To sand or not to sand...

I sanded a 600 Sq ft floor down to the bare wood with a rotor floor sander. I applied stain to the floor and it came out nice. I applied the first polyurethane coat throughout the floor. I noticed the there are small dust particle everywere. Should I sand the polyurethane coat with a fine sand paper or should i just applied the second coat right over the first. I want the floor the be smooth when I put my the palm of my hand over the floor. Right now I can feel small bumps when I run my hand over the floor.


----------



## Big Dave (Feb 23, 2006)

You will need to sand before a second coat but the dust particles are never going to go away. Poly dries at a slow rate which allows for the particles of dust to be stuck in it. As a floor finisher one of the first things you are taught is it is not a peice of furniture. You are going to be walking on it and not on your hands and knees caressing it. Those bumps will go away after walking on it and cleaning it. Basically you will wear them down.


----------



## Richard (May 21, 2006)

Sand between every coat. 220-320 grit. That is standard. The can probably says it. 

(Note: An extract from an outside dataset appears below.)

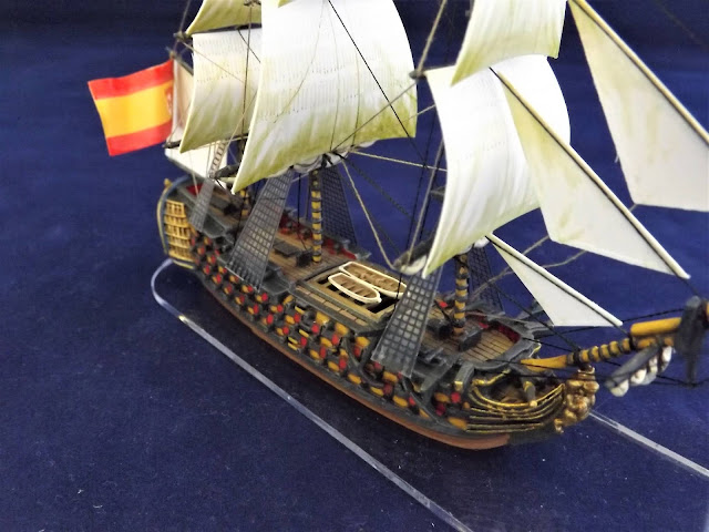 The last Spanish ship needed to complete the forty ships of the Franco-Spanish Combined fleet was a three decker designed to fill the requirement of the Spanish 100-gun Rayo or 'Lightning' which began her career as an 80-gun 3rd rate ship in 1749, making her, with her fifty-six years of service, the oldest ship to take part in the Battle of Trafalgar, but also with her later refit in 1803 to having a third upper deck built, allowing her to carry 100 guns but leaving her, with her original two gallery stern quarters, as a bit of an anomaly and not your usual looking Spanish first rate.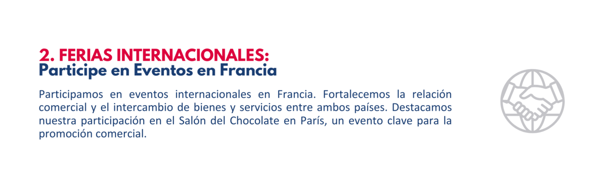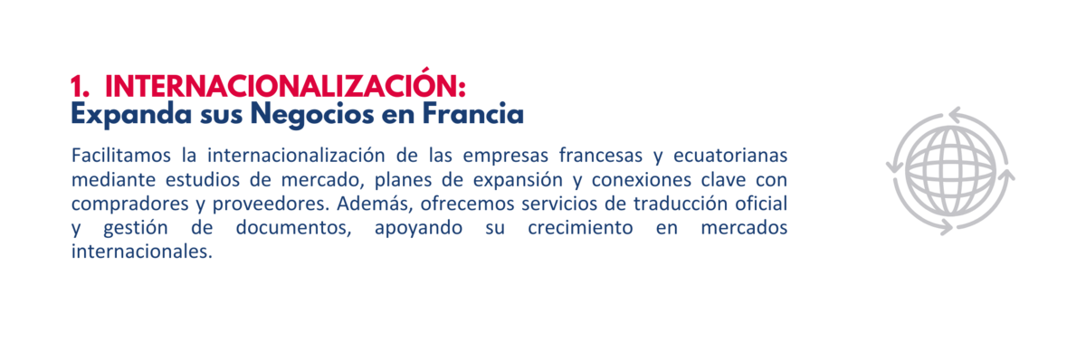 Con 35 años de experiencia, ofrecemos una plataforma integral de servicios que conectan negociaciones, promueven la innovación y potenciales oportunidades comerciales entre Ecuador y Francia.

3-4 coats is the norm. Good luck:thumbsup:


----------



## justin savage (Apr 4, 2005)

The floor will get smoother with each coat, you should do 3 coats thats the norm. You have to buff between coats , use a buffer with a white pad and a 120 or 150 grit screen . home depot rents buffers and they have screens and pads. i am assuming this is normal floor poly (oil based) not water based- brand name? this (oil) has to have a mechanical bond -so please use the buffer , then vacuum tack and recoat. hope this helps justin


----------



## pdiesel5 (Nov 2, 2006)

thanks for all the good advice. now if i use the buffer with the white/green pad, should I use any compound with the pad.


----------



## Big Dave (Feb 23, 2006)

No compound. When I buff between coats I use a Maroon pad with strips of 220 self stick sandpaper on it. An x pattern works well. The Maroon pad scuffs the finish and the strips of paper knock down the dust particles quicker.


----------